ABOUT THIS EXERCISE
How do the lines below between the ones holding "This wrapping paper" and "Zelená vliesová tapeta", inclusive, read? Give them again exactly, with no other lines.

RECORDS FOR THE EXERCISE
........
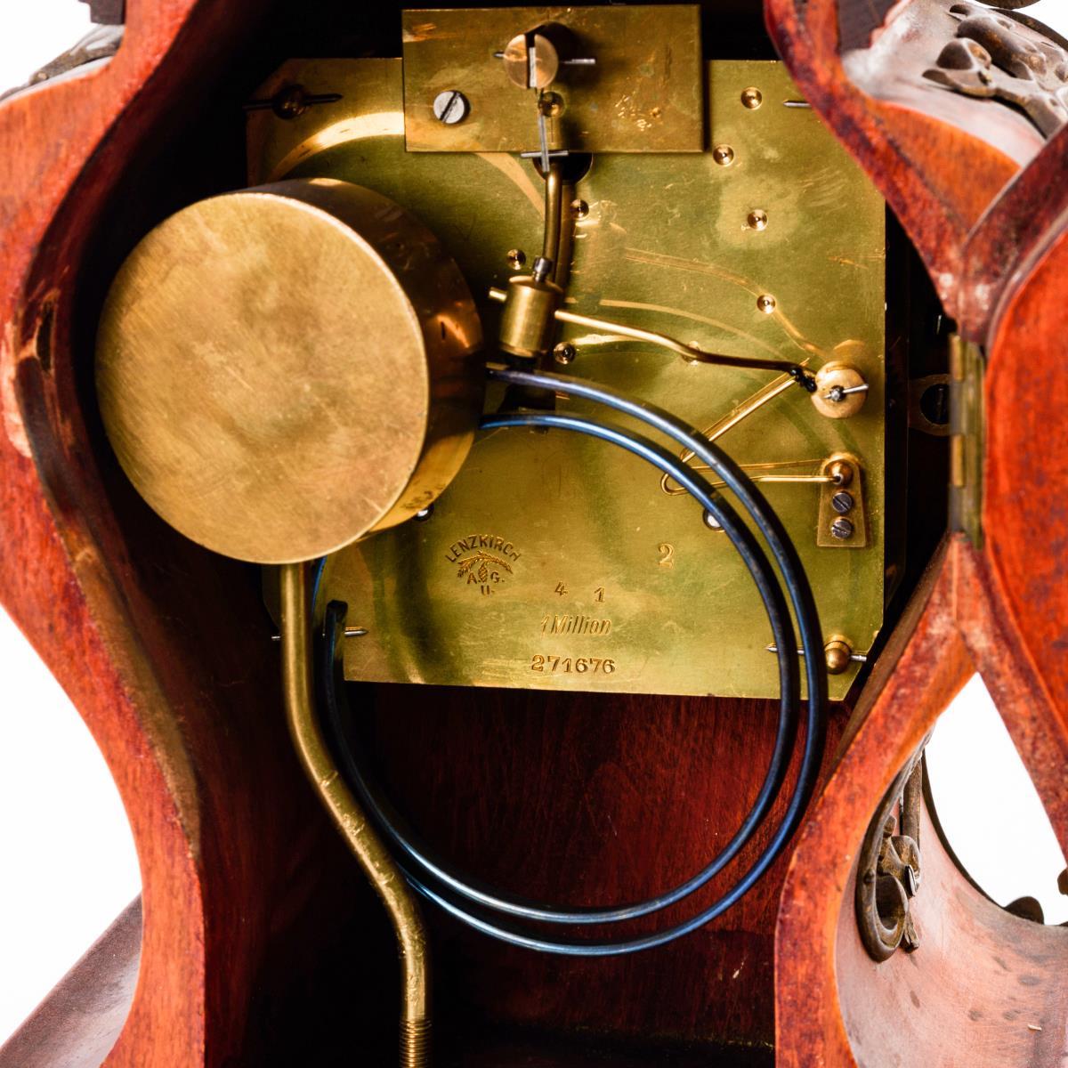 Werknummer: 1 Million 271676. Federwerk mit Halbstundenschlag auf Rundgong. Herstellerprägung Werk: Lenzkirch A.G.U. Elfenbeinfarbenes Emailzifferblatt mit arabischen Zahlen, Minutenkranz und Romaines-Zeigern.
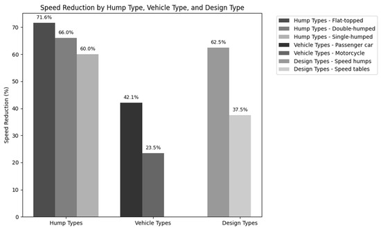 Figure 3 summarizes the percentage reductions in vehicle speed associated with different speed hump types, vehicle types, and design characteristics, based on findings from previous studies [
........
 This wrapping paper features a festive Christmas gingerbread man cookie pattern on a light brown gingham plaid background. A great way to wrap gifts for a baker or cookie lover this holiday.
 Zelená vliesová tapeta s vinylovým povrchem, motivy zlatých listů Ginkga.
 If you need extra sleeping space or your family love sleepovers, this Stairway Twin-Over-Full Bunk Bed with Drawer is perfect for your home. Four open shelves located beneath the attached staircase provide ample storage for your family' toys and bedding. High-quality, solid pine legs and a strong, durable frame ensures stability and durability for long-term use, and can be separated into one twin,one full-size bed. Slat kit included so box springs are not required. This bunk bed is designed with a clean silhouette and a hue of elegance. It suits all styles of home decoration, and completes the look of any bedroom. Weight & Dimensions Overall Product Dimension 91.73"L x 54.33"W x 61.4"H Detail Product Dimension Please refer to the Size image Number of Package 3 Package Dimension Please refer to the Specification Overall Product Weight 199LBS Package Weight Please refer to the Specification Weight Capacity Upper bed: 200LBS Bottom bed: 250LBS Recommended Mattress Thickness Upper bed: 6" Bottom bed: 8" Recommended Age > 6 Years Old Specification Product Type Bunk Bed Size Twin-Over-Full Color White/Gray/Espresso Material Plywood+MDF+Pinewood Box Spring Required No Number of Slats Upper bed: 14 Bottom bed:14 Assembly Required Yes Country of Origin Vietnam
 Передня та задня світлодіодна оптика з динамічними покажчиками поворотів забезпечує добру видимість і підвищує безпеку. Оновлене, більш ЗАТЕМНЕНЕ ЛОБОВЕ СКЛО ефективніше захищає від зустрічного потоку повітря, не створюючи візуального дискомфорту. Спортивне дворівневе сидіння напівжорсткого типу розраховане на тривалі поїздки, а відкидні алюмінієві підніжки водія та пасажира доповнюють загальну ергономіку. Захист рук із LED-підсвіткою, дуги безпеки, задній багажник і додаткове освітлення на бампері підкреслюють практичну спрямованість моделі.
........
TASK RESULT
 This wrapping paper features a festive Christmas gingerbread man cookie pattern on a light brown gingham plaid background. A great way to wrap gifts for a baker or cookie lover this holiday.
 Zelená vliesová tapeta s vinylovým povrchem, motivy zlatých listů Ginkga.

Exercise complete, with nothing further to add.